Without explicit termination conditions, agents get stuck. “I need more information” → search → “I need more information” → search → forever.

No Audit Trail

When an agent makes a mistake in production, you need to understand why. “The LLM decided” isn’t an acceptable answer for compliance teams.

Stale Knowledge

Agents are only as good as their knowledge base. If documents change but embeddings don’t update, agents confidently return outdated information.

Our Approach: Constrained by Design

We built agents with reliability as the primary design goal, not capability.

Structured Outputs, Not Free Text

Every agent action has a schema:

1
2
3
4
5
6
7
8
9
class SearchQuery(BaseModel):
    query: str
    filters: Optional[Dict[str, str]]
    max_results: int = Field(default=10, le=50)
    
class DocumentUpdate(BaseModel):
    document_id: str
    changes: Dict[str, Any]
    reason: str  # Required justification

The LLM must produce valid JSON matching the schema. If it can’t, the action doesn’t happen. This eliminates:

Made-up tool names
Invalid parameters
Actions without explanations

State Machines, Not Loops

Free-form loops are dangerous. Instead, we define explicit state machines:

States: classify → plan → (optional: review) → execute → respond Transitions: Explicit conditions for each edge Checkpoints: Save state after each step for recovery

This means:

Every possible execution path is visible
No infinite loops (state transitions are bounded)
Failures can resume from last checkpoint

Strategic Human-in-the-Loop

Not every action needs human approval; that would defeat the purpose. But high-stakes operations do:

Human Required:

Modifying production data
Sending external communications
Actions with regulatory implications

Human Optional:

Analyzing documents
Summarizing information
Internal knowledge retrieval

The agent does the work; humans make the final call when it matters.

Real-Time Knowledge Sync

Knowledge bases must stay current. Our ingestion pipeline:

Webhooks from Confluence, Notion, GitHub
Change detection: only process modified documents
Incremental indexing: update embeddings for changed chunks
Propagation time: < 5 minutes from source change to searchable

This means agents always have current information.

Results in Production

Quantitative

99% task completion rate: agents finish what they start
Zero data corruption incidents: validation catches errors
< 5 minute knowledge freshness: no stale information
100% decision traceability: every action has an audit trail

Qualitative

Compliance Teams Love It: Full audit trails mean legal and compliance can review any agent decision. This was a blocker for many enterprise deployments.

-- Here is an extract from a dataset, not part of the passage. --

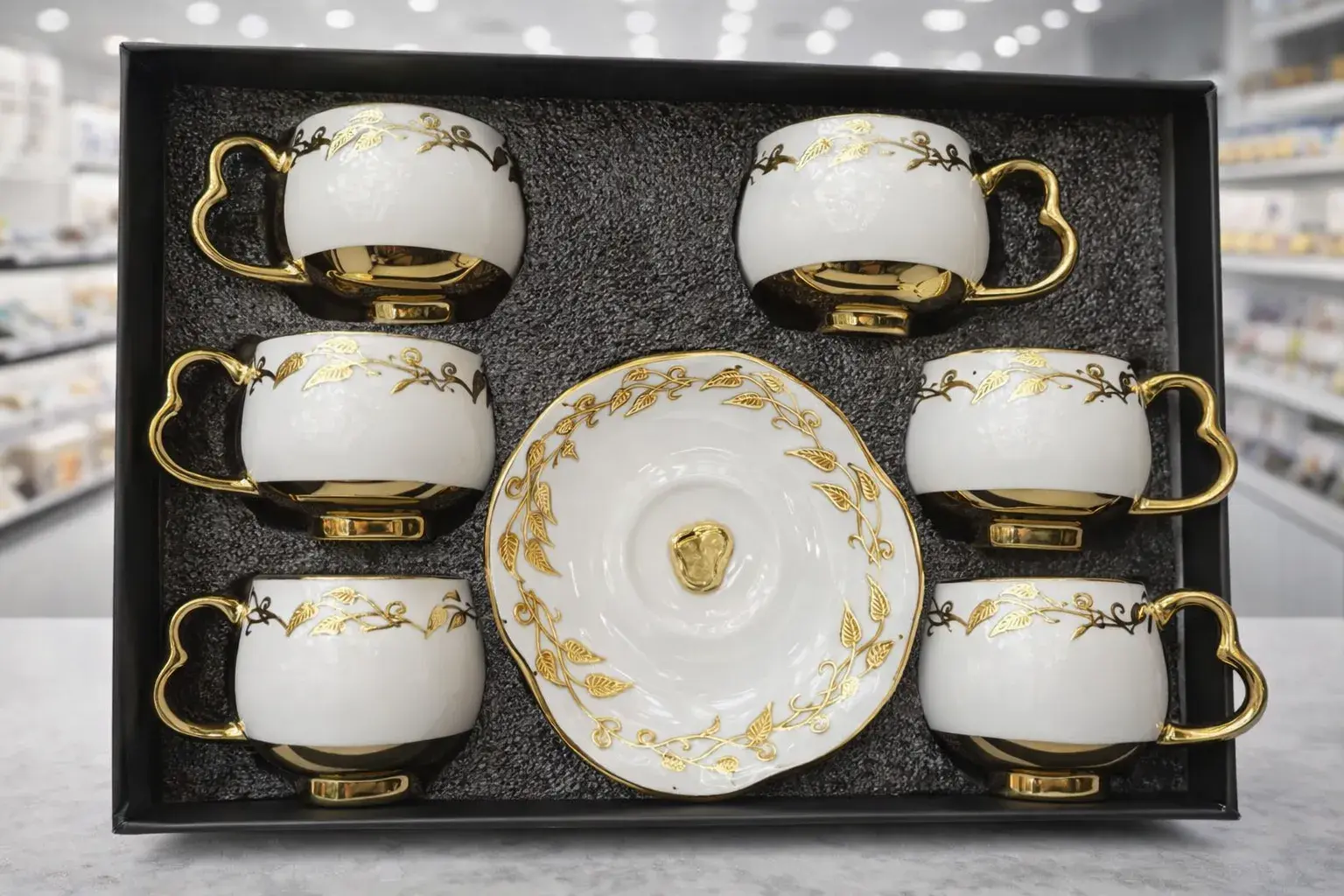 Les tasses sont dotées d’anses dorées élégantes et reposent sur des soucoupes finement décorées, idéales pour servir le café avec style lors de vos réceptions ou moments spéciaux. Ce service apporte une touche chic et prestigieuse à votre table et constitue également une excellente idée cadeau.

Users Trust the Output: Because they can see the reasoning (via LangSmith traces), knowledge workers trust agent summaries and analyses.

Engineers Sleep Better: Structured outputs and state machines mean fewer 3 AM pages about agents gone rogue.

Key Architecture Principles

1. Define Actions, Not Capabilities

Don’t tell the agent “you can do anything.” Define specific actions with specific schemas. The agent’s capability is exactly the union of its defined tools.